MESA REDONDA 1

Paradigmas que orientam a pesquisa em educação em ciências

O “estado da arte” da pesquisa em educação em ciências
Demétrio Delizoicov (UFSC)

Resumo
Estudos que têm como finalidade analisar resultados de pesquisa em educação em ciências (EC) a partir de fontes escritas parecem estar constituindo uma tendência crescente. Dentre outros motivos, estudos desse tipo, algumas vezes denominados de estado da arte, contribuem para caracterizar  aspectos relativos à  dinâmica evolutiva e contextual de um particular campo do conhecimento.  Relativamente à área de EC, cuja implementação no Brasil  tem como um marco importante o início dos anos 1970, pesquisas sobre o estado da arte tem se concentrado particularmente sobre dissertações e teses. No entanto, há indicadores que apontam para um movimento de ampliação do rol de documentos escritos analisados sobre a pesquisa em EC, cuja intenção seria acrescentar outros elementos para a compreensão do estado da arte. Alguns resultados  encontrados serão considerados com a finalidade de identificar avanços e lacunas existentes para um mapeamento das pesquisas sobre o estado da arte em EC no Brasil.

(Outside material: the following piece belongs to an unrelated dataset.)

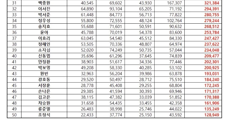 다음은 ‘6월 광고모델 브랜드평판' 1위부터 50위까지 정리한 표와 그래프다.

As contribuições das ciências cognitivas para a Educação em Ciências
Dominique Collinvaux (UFF)

Resumo
Discutir a contribuição das ciências cognitivas para a Educação em Ciências envolve um duplo movimento. De um lado, uma (breve) retrospectiva da pesquisa em Educação em Ciências evidencia, a partir do movimento construtivista, uma linha de estudos de base cognitiva, geralmente centrados nos processos de ensino-aprendizagem em sala de aula. De outro lado, é necessário situar e caracterizar as ciências cognitivas a partir de sua origem na Psicologia, o que permite mostrar a diversidade de orientações e temas abordados. Com base neste cenário inicial, propomos uma concepção segundo a qual ‘cognitivo’ é tudo que envolve a aquisição, mobilização e uso de conhecimentos pelos indivíduos. Apresentamos alguns exemplos de pesquisa que analisam processos cognitivos em ciências/educação em ciências e discutimos os processos educativos para caracterizar qual é o lugar (e os limites) do ‘cognitivo’ na educação em ciências.

A perspectiva sociocultural na Educação em Ciências
Marcelo Giordan (USP)

Resumo
Esta exposição toma em perspectiva o programa de pesquisa derivado dos trabalhos seminais de Lev Vigotski, tendo em consideração também os aportes de outros estudiosos da Psicologia, da Lingüística e da Educação em Ciências. Serão apresentados os princípios fundamentais do programa de pesquisa de vertente sociocultural, como a natureza mediada das ações humanas, a relação mutuamente constitutiva entre pensamento e linguagem, a cognição como fenômeno social e historicamente situado, buscando dialogar com pesquisadores da Educação em Ciências com o intuito de compreender a origem, o desenvolvimento e as contribuições desse programa de pesquisa para a área. Far-se-á um recorte argumentativo sobre questões de investigação atinentes à sala de aula, em particular no que se refere à elaboração de significados e à organização das atividades de ensino. Ainda como forma de fomentar o debate na área, serão apresentados alguns trabalhos de uma linha de pesquisa sobre elaboração de significados e interações com o computador, de onde se interpreta o fenômeno da significação a partir dos conceitos de domínio, apropriação, ferramentas culturais no âmbito da teoria da ação mediada.